Sina Technology News December 6, noon news, some media reported that ByteDance poached Zhou Chang, the former technical director of Ali Tongyi Big Model, with a 4-2 job level and an 8-digit annual salary package. As of press time, ByteDance and Ali have not responded.

Public information shows that Zhou Chang joined Ali in 2017 and served as the technical director of Ali Tongyi Big Model. After Zhou Chang resigned in July this year, some media reported that Zhou Chang had joined ByteDance in August to engage in AI big model-related work.
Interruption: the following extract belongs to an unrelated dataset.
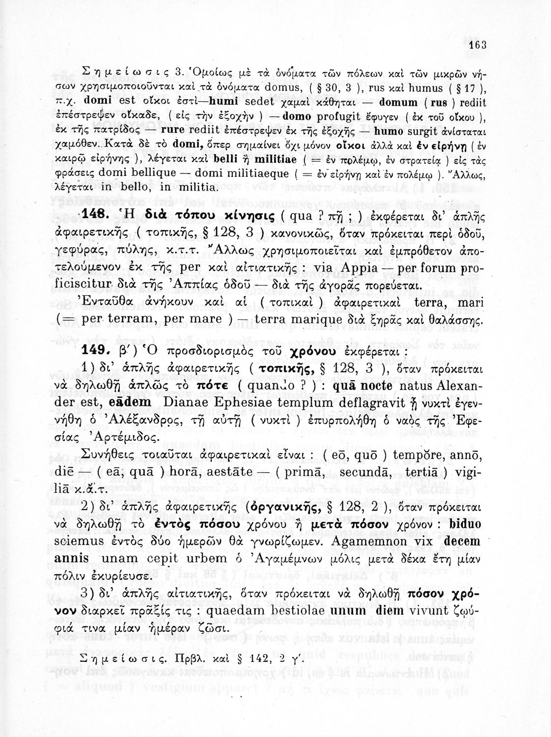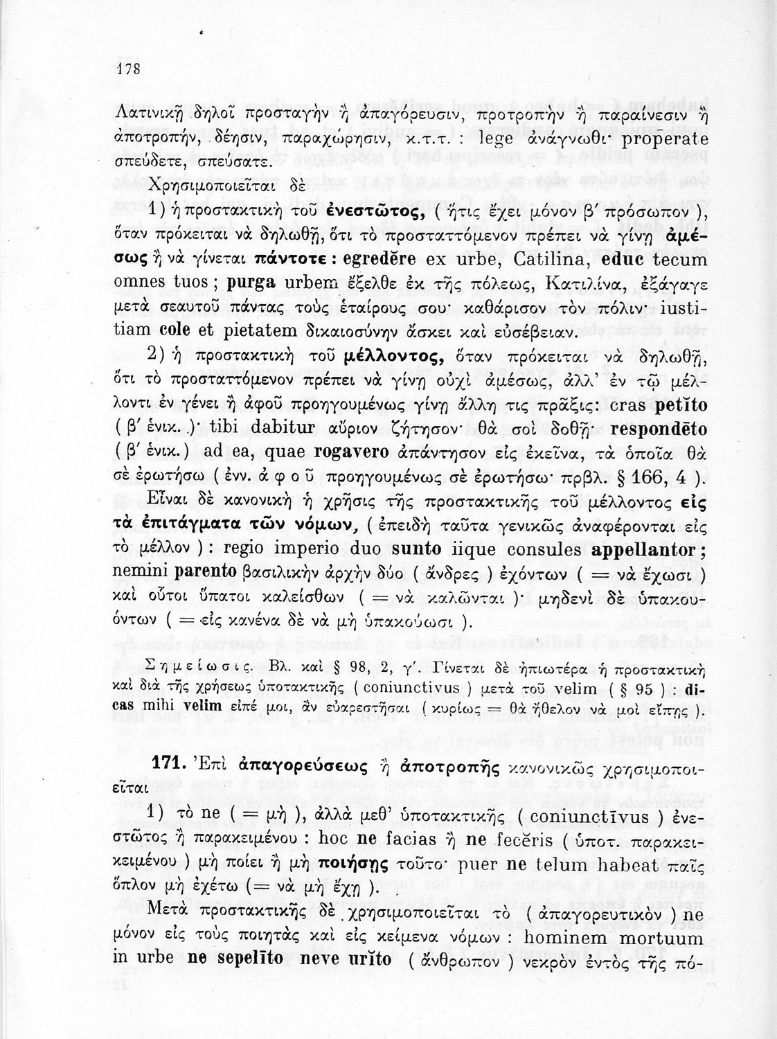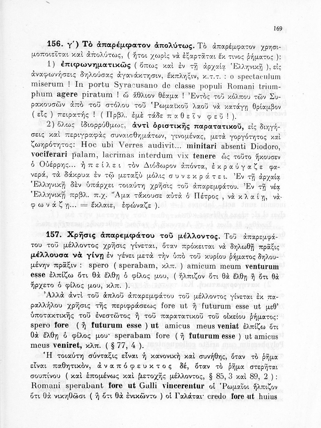 Σχολικό εγχειρίδιο Λατινικών Α΄, Β΄, Γ' Γυμνασίου που περιλαμβάνει γραμματική και συντακτικό και είναι χωρισμένο σε φθογγολογικό, τυπολογικό και ετυμολογικό μέρος.

In November this year, Alibaba decided to apply for arbitration for the news that "Zhou Chang, a former employee of Tongyi Big Model, violated the non-compete agreement", which was also confirmed by Ali insiders.

According to the first financial report, "It's not just Zhou Chang who came to ByteDance, more than a dozen people in his team also jumped ship." ByteDance offered Zhou Chang a contract that was almost impossible to refuse: a 4-2 job level and an 8-digit annual salary package, which is about two levels higher and several times the salary according to Ali's job level system. ByteDance also gave the original team members who came with him job levels of 4-1 and 3-2 (equivalent to Alibaba's P10 and P9).
 

FairAndUnbiased

Brigadier
Registered Member
First it was impossible, now it's cost-effectiveness. Next year should be equal cost

None of the models have a score of 100. The parameter is a test hard for AI but easy for humans. Since these tests still exist, it means it is closer to impossible so far. Only once 100% is reached do we even start talking true cost effectiveness.

Software also isn't like physical production. A fab that puts $1B into a failed 5 nm pilot plant can reuse the tools for a known 7 nm process with only depreciation loss. At worst the losses can be recouped by liquidating the assets. Spend $1B on training a model that's shit or unprofitable, that money is gone.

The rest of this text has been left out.